Copy the data below exactly, omitting any picture it contains.

--- Task input Enclosed Below ---

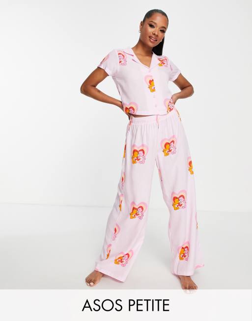 ASOS DESIGN Petite – Rosa pyjamas i modal med skjorta och byxor med "Krambjörnarna"-tryck
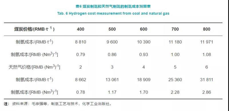 目前已經(jīng)實(shí)現(xiàn)大規(guī)模工業(yè)化制氫的煤化工制氫和天然氣制氫,根據(jù)中國(guó)石油經(jīng)濟(jì)研究院惠州煉油項(xiàng)目測(cè)算的制氫成本大制如表6所示。
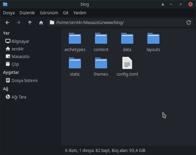 Hugo bize gerekli dosyaları otomatik olarak belirttiğimiz klasöre oluşturdu:
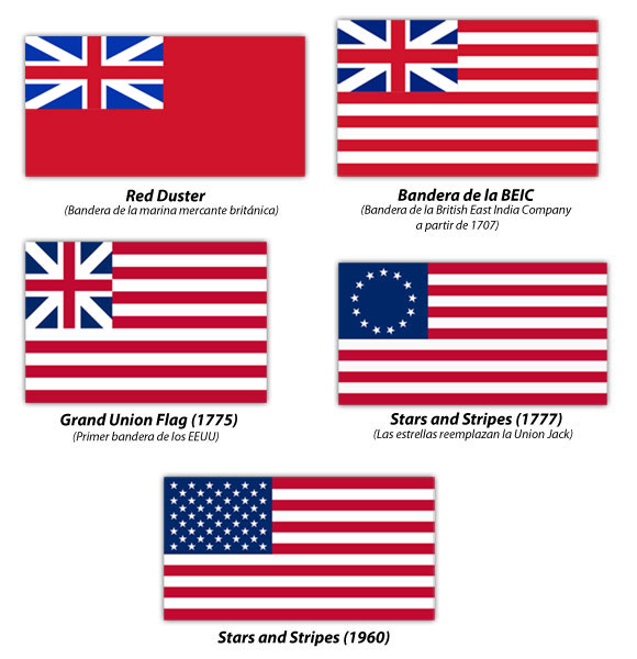 Boston Tea Party De todas maneras, hay quienes argumentan que el agregar líneas blancas a la “Red Duster” -bandera de la marina mercante británica- era normal en las colonias (de hecho la bandera de la Compañía nacía a partir de la anterior). No obstante, y como lo sugirió en 1937 el laureado historiador británico Sir Charles Fawcett, lo más probable es que Estados Unidos efectivamente basara su bandera en el diseño de la bandera de 1707 de la British East India Company, ya que el mismo era respetado por su poder y además, por ley, la Compañía no podía izar su bandera fuera del océano Indico. Y además, si bien Estados Unidos justificó que las trece barras blancas y rojas representaban a los trece estados originales de 1776, esto era una redundancia ya que los estados estaban representados en las estrellas.
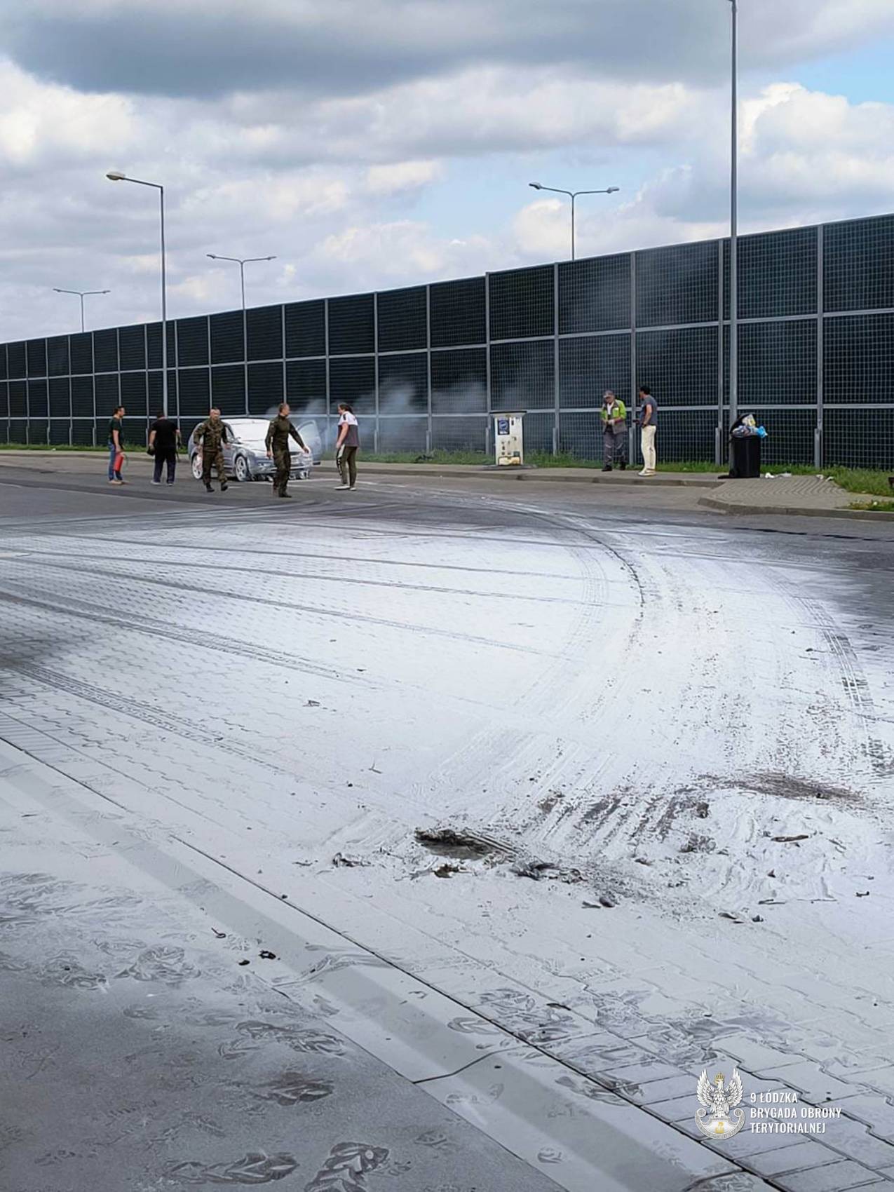 Bezpośrednio przed dystrybutorem paliwa zapalił się samochód osobowy. Na pomoc natychmiast ruszyli st. szer. spec. Krzysztof, st. szer. spec. Filip, ppor. Konrad oraz ppor. Tomasz. Żołnierze 9ŁBOT, nie zważając na zagrożenie, podjęli skuteczną akcję gaśniczą, a następnie przepchnęli dymiący pojazd w bezpieczne miejsce, kontynuując gaszenie do czasu przyjazdu straży pożarnej. Cała akcja trwała około 20 minut, zużyto 10 gaśnic w tym 2 agregaty. W międzyczasie obsługa stacji zamknęła jej działanie, a na miejsce została wezwana straż pożarna, która przejęła dalsze działania.
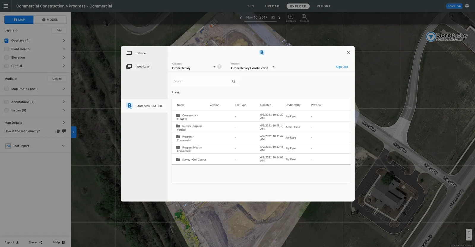 Push high-resolution aerial maps and mobile images from DroneDeploy to Autodesk Docs and BIM 360 “Project Files” for progress documentation

--- End of Enclosed Task input ---

**Response:**
 ASOS DESIGN Petite – Rosa pyjamas i modal med skjorta och byxor med "Krambjörnarna"-tryck
 目前已經(jīng)實(shí)現(xiàn)大規(guī)模工業(yè)化制氫的煤化工制氫和天然氣制氫,根據(jù)中國(guó)石油經(jīng)濟(jì)研究院惠州煉油項(xiàng)目測(cè)算的制氫成本大制如表6所示。
 Hugo bize gerekli dosyaları otomatik olarak belirttiğimiz klasöre oluşturdu:
 Boston Tea Party De todas maneras, hay quienes argumentan que el agregar líneas blancas a la “Red Duster” -bandera de la marina mercante británica- era normal en las colonias (de hecho la bandera de la Compañía nacía a partir de la anterior). No obstante, y como lo sugirió en 1937 el laureado historiador británico Sir Charles Fawcett, lo más probable es que Estados Unidos efectivamente basara su bandera en el diseño de la bandera de 1707 de la British East India Company, ya que el mismo era respetado por su poder y además, por ley, la Compañía no podía izar su bandera fuera del océano Indico. Y además, si bien Estados Unidos justificó que las trece barras blancas y rojas representaban a los trece estados originales de 1776, esto era una redundancia ya que los estados estaban representados en las estrellas.
 Bezpośrednio przed dystrybutorem paliwa zapalił się samochód osobowy. Na pomoc natychmiast ruszyli st. szer. spec. Krzysztof, st. szer. spec. Filip, ppor. Konrad oraz ppor. Tomasz. Żołnierze 9ŁBOT, nie zważając na zagrożenie, podjęli skuteczną akcję gaśniczą, a następnie przepchnęli dymiący pojazd w bezpieczne miejsce, kontynuując gaszenie do czasu przyjazdu straży pożarnej. Cała akcja trwała około 20 minut, zużyto 10 gaśnic w tym 2 agregaty. W międzyczasie obsługa stacji zamknęła jej działanie, a na miejsce została wezwana straż pożarna, która przejęła dalsze działania.
 Push high-resolution aerial maps and mobile images from DroneDeploy to Autodesk Docs and BIM 360 “Project Files” for progress documentation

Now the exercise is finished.